The other choice of the Detour, “Horse Power,” involved the teams sitting and dragging a wooden fake horse the length of a polo field, taking turns knocking a ball forward until they got it through the goal in at most nine tries. Joe, after failing at the treasure hunt, tried this, only to fall off the horse twice in a row; perhaps he assumed his New Balance shoes would take care of his equilibrium. To get better traction on the ball, Steve lay crossways across the “saddle,” which worked; hopefully he didn’t take any grand lessons away from this experience and will never try it on a real horse.
The detectives also failed at the treasure hunt, even after Michael attempted a “grid search.” Louie confessed that he’d never done this “grid search,” he mostly executed search warrants. This was the first clue that their allegedly gritty police experience may well have been exaggerated: The second came when they picked blue Polo jerseys because it symbolized NYPD Blue. Are they really policemen, or just mall security who act out old CHiPs scripts at break time behind the Baby Gap?

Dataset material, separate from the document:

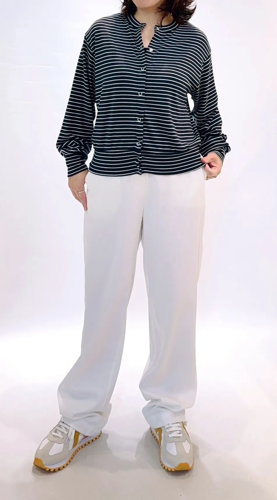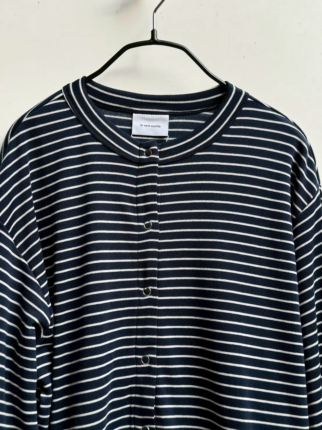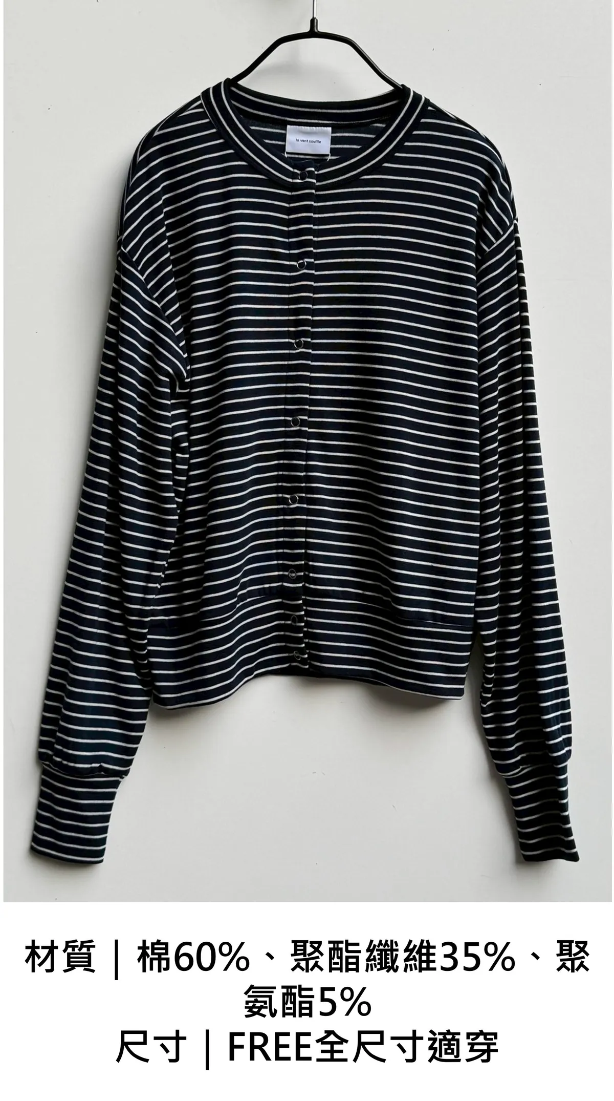 條紋圓領排釦上衣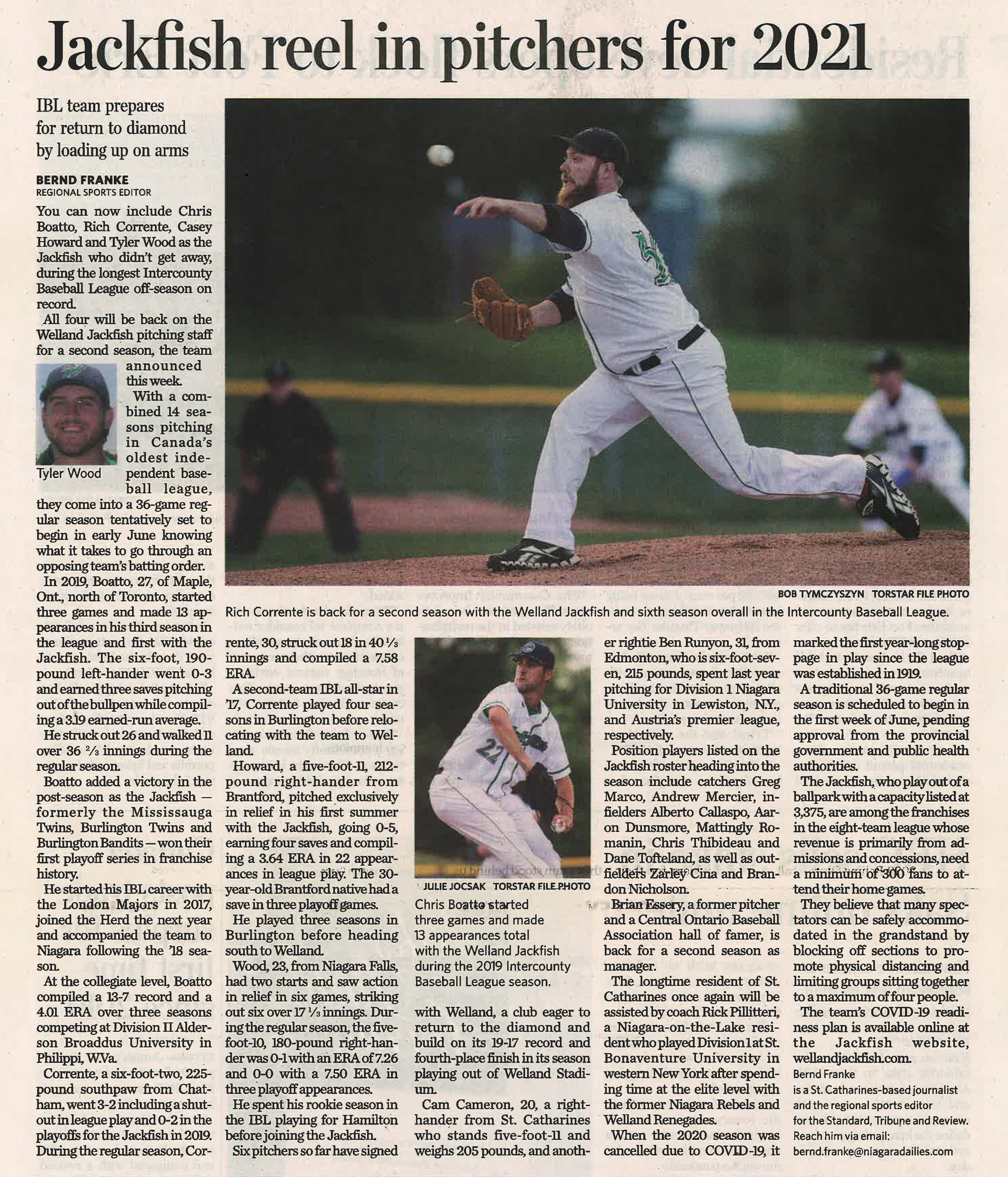 - Jackfish reel in pitchers for 2021 : IBL team prepares for return to diamond by loading up on arms

Brothers Dan and Jordan also proved awful at Polo, but not as bad as Monique and Shawne. The moms frequently declared that they were out there to prove what mothers could do, and the answer to that question has historically been “get eliminated within the first three legs.” Shawne was stalled for a while at the roping Roadblock until Monique appealed to Jesus. Then, in an act of either divine intervention or inspirational editing, Jesus delivered a steer made of hay, which looked suspiciously like a false idol. But when the two women hit the polo fields, there wasn’t anything that either Jesus or an editor could do to save them, and they were eliminated. So to answer their question, that’s what moms can do.